Какие они озорники, обчитавшиеся «Королевства у моря» повесы. Расскажи о них. Сейчас, моя радость, солнце мое, сокровище бесценное, в рифму драгоценное. Воды только в рот наберу.
За двумя-тремя столиками из легкого, в одинаковой с поролоном весовой категории выступающего пластика, — там, где шумит листва, где ветер гонит резвую волну и где в навязчивом влачу я жизнь плену, — стильно, в позах изнеможенных течкой, томно пьяных сук, сидят пять обличия тупого созданий: по фигуре — лет тринадцати, четырнадцати с половиной может, по лицу — и этого не дашь. Две прелестные, с не без шика выбритыми мышками, другие три — так себе. Прелестные, как в таковских случаях обычно и бывает, с легко в них ожидаемым энтузиазмом клеятся к возрастом изрядно превосходящим их мужичкам, и те, шутя и балагуря — ата-та, мать твою, по попке, — снабжают их пустяковой величины суммами бабок, и двое за тридцать — бородастый и чуть щетинистый, — подсаживаются к ним, беря на колени красивеньких, а через какой-то срок еще двое то же самое проделывают.

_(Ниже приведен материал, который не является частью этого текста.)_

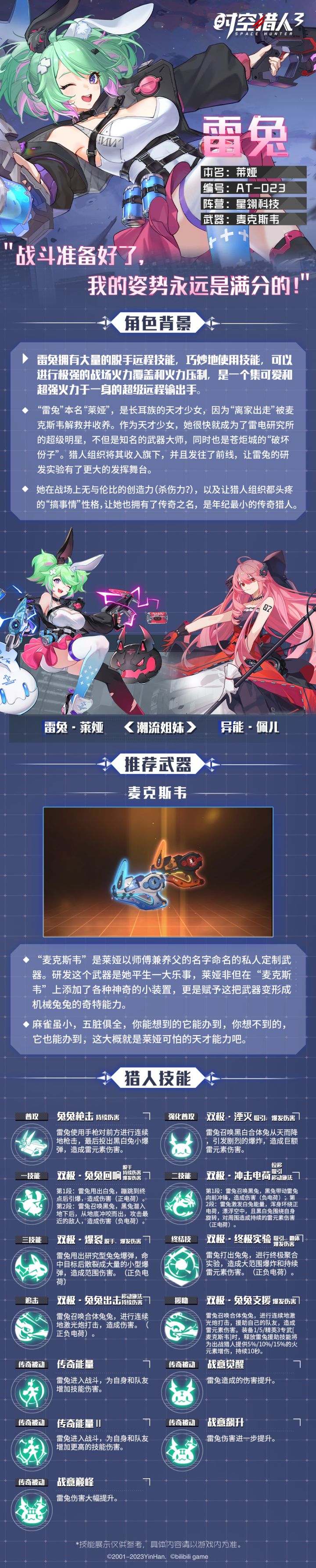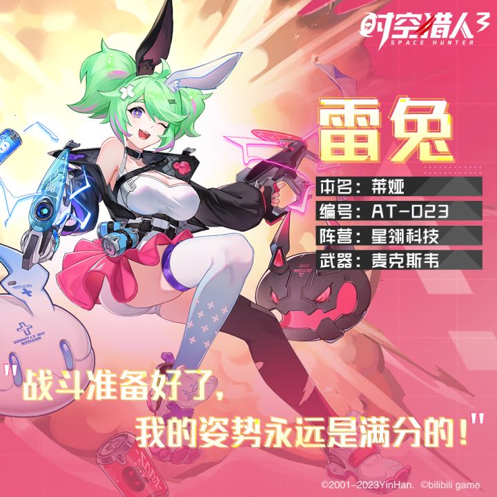 ▷ 代号 | 雷兔▷ 姓名 | 莱娅▷ 阵营 | 星翎科技〓 战场表现 〓▷ 猎人属性 | 超能▷ 初始品阶 | 史诗级▷ 推荐武器 | 麦克斯韦“战斗准备好了,我的姿势永远是满分的!”「雷兔」拥有大量的脱手远程技能,巧妙地使用技能,可以进行极强的战场火力覆盖和火力压制,是一个集可爱和超强火力于一身的超级远程输出手。〓 阿达拉生活 〓▷ 性格特征 | 好奇宝宝、中二病、最强大脑

Утолив голод живота, они, все вместе, отправляются утолять голод иного свойства, который может и не столь требователен в сравнении с первым, но, давая о себе знать, зачастую толкает на труднообъяснимые, с точки зрения здравого (понимай пресыщенного) смысла, действия и поди разбери потом, к чему это там, в малом отдалении, насчитывающем чуть более двадцати среднестатистических шагов, на складном дурацком стульчике, сиживают обыкновенно на которых матерые прохвосты где-нибудь у реки на природе летом, шаловливые ручонки перевозбудившегося фотографа, —угреватого малого к рефлексии на рвоту располагающей наружности, — целеустремленно шарят под короче некоторых рассказов юбкой лет на пятнадцать моложе его отроковицы, чьи едва наметившиеся грудки с розоватыми сосцами не крупнее той пресловутой горошины, почивать на которой не к лицу принцессе, наводят и не на такие мысли. Надоело мне твое молчание, ненавижу его. Не задушить ли Майку Анечку?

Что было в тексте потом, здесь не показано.